Let's just say that YES it does make the film even MORE CLASTROPHOBIC!!!
So best case, get the DVD in the Theatrical Release 'wide screen' format, and offer youself some small hope of watching this film.
I of course love the visual imaging, and the somewhat murkey theme of the story. What really makes our culture tick, what makes us get up every day and take one more stab at trying to be Human. A problem that gets a bit more Problematic as the 'bonus material' offers us this fun filled chat with a collection of Philosophers, Cultural Critics, and the Like, about, well, that basic problem.
As such, the real fun of the DVD is this dialectical tension between 'the art part' and the 'documentary part' where we have folks taking the art part serious enough. There are actually several dialogs going on there, one of them is about the very possibility of "film" as an "art form" actually surviving and having anything of any real value to offer Folks. While others are looking at the worp and weave of the various issues that meander through the film.

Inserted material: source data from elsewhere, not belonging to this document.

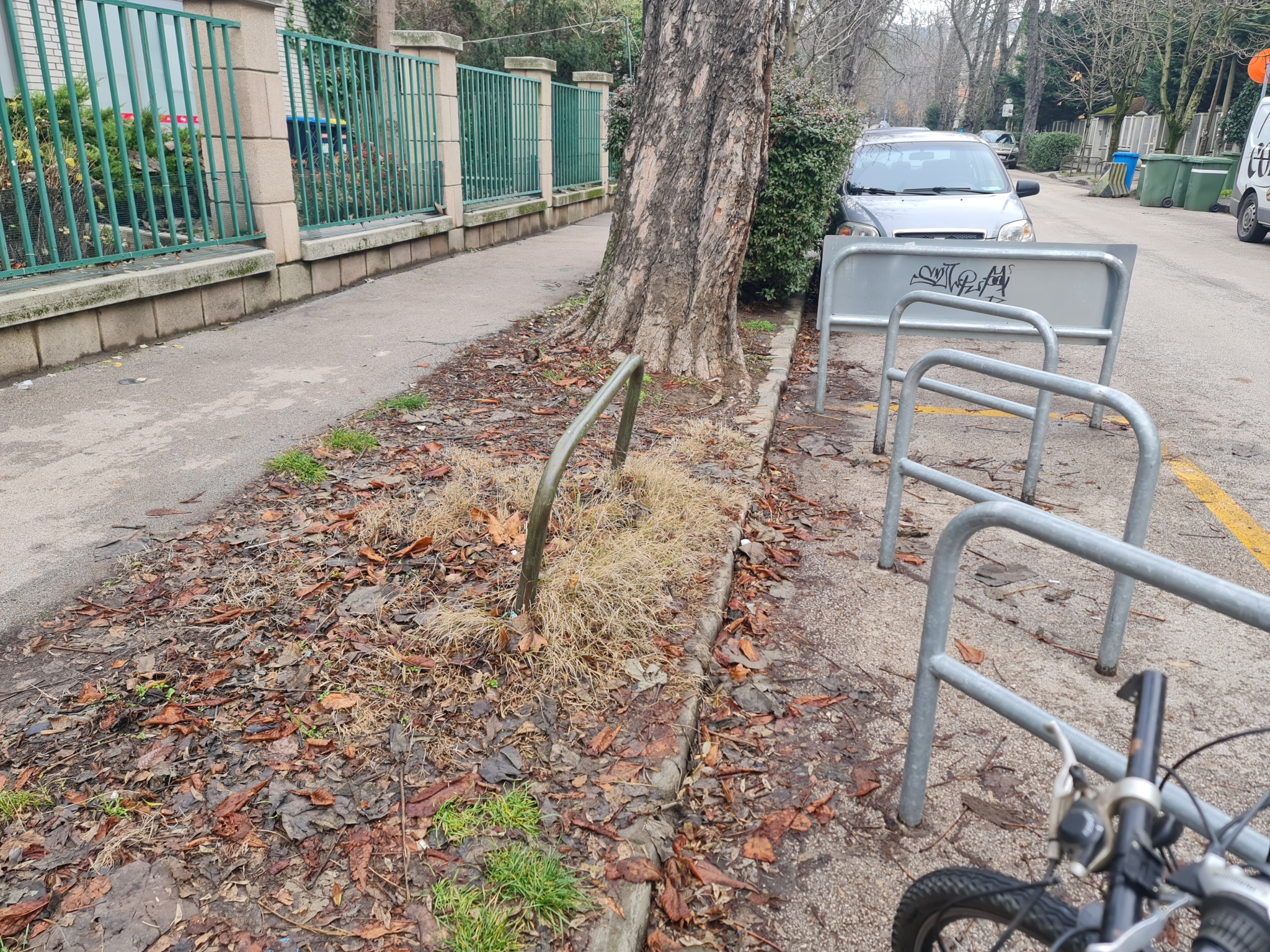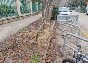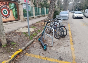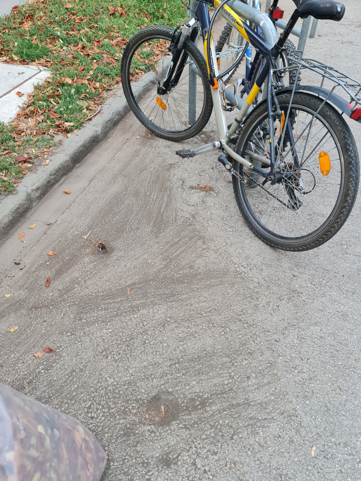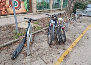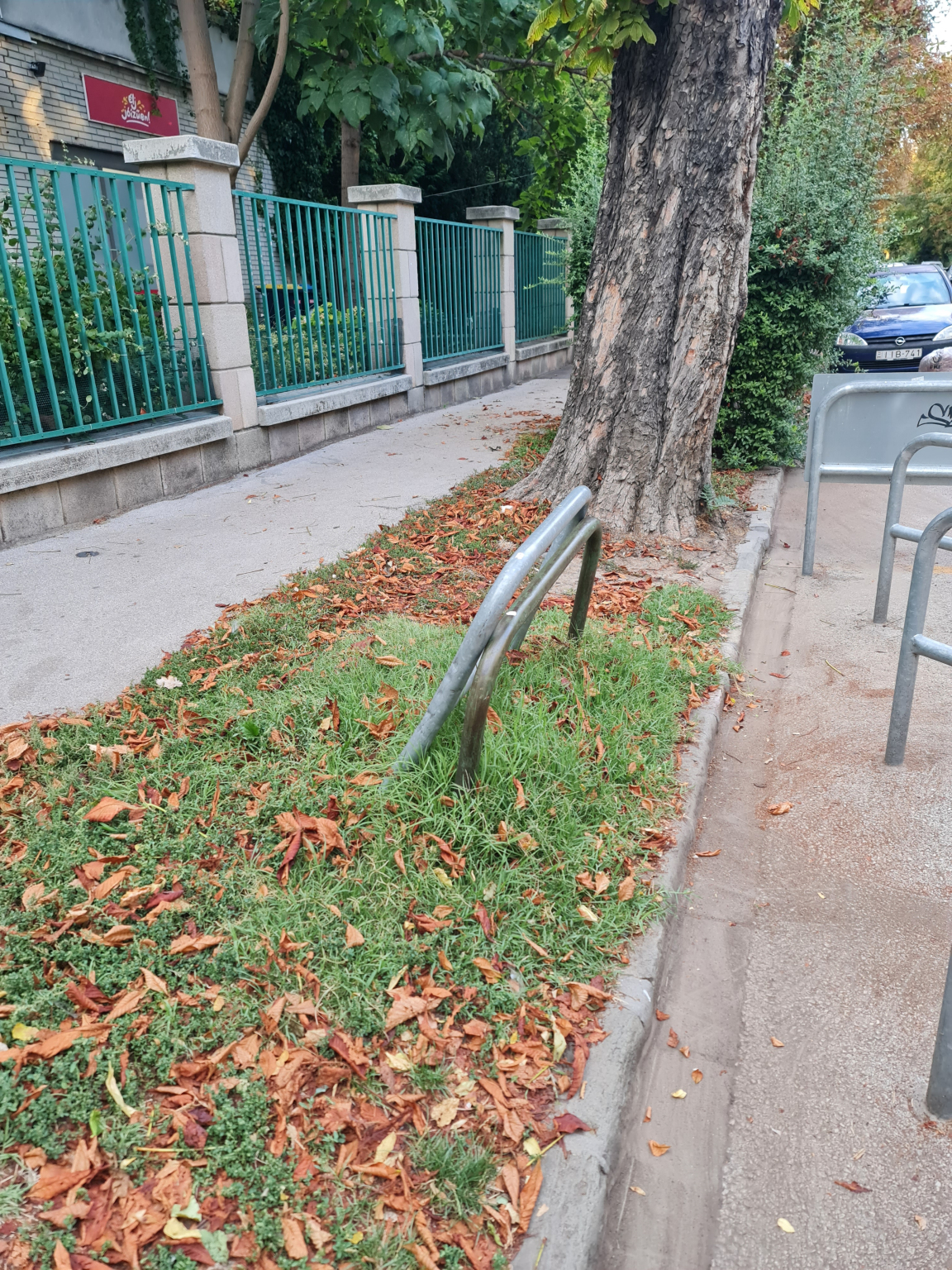 A Házmán utca 2 alatti dohánybolt előtt kidöntöttek egy alumínium kerékpártartó keretet. Odatámasztották a járdán egy hasonló másik kerethez.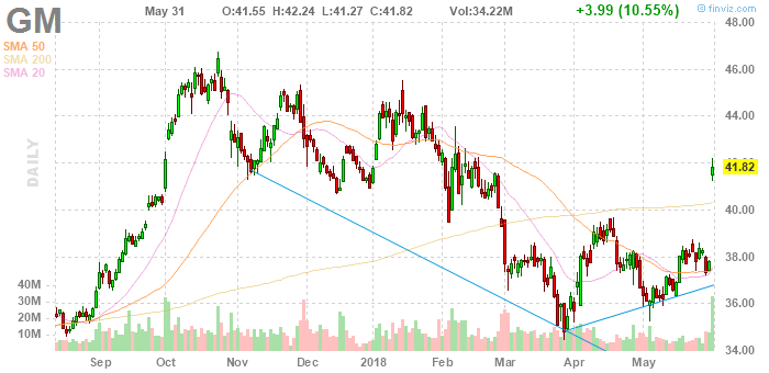 На текущий момент акции General Motors (GM) котируются по $41,82 (+10,55%)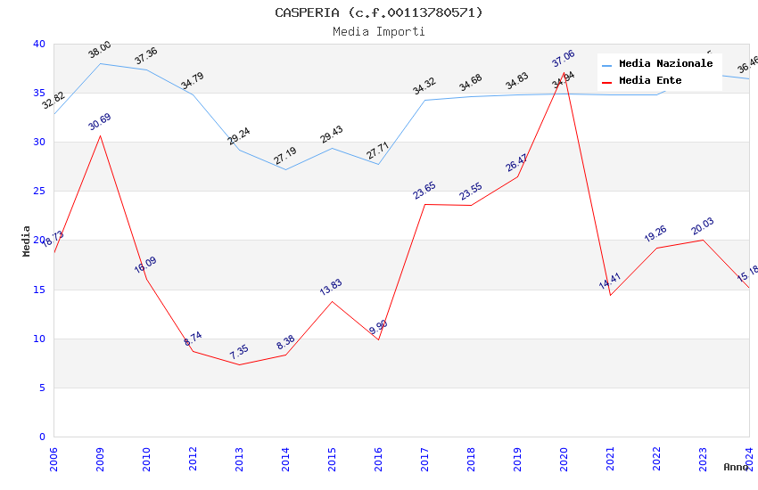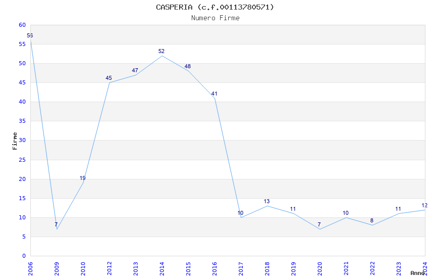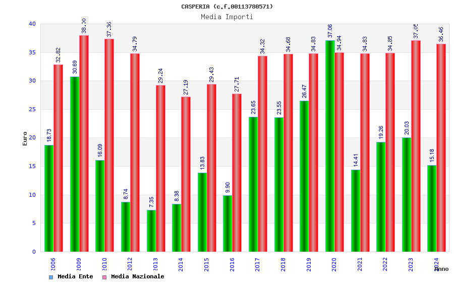 | Anno | Firme | Importi | Media | Naz. | Reg. | Prov. | Comu. |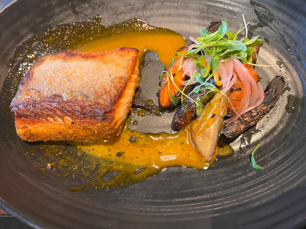 For my main course, I indulged in the Wild Columbia River King Salmon, perfectly cooked and paired with heirloom carrots and vadouvan curry butter. To celebrate International Burger Day, I also enjoyed a Bacon Cheddar Cheeseburger, topped with caramelized chipotle mayonnaise and served with crispy french fries. Each dish was a testament to the restaurant’s dedication to quality and flavor.

Some folks are aware that we are dealing with such issues as "desertifcation" in the sub-saharan africa that is making immigration one of the few remaining real options for so many. Which impolitely ties into the problem of whether creating a bigger and better one world financialization of everything is really a viable solution. While others are looking at the over all problem of how do we deal with being real and actual in a space where the roots to our past are so tenuous at best, and may not actually offer us anything useful for the loss or retention.
As such the film remains disconcerting - while also technically brilliant - and rapping in an additional dialectical tension to the dialog offers the Value Add that so few films have really had in a good long while. This is the sort of film that folks should watch, and discuss, and try to get beyond, "oh what else is on the Telly?" and back into the game itself.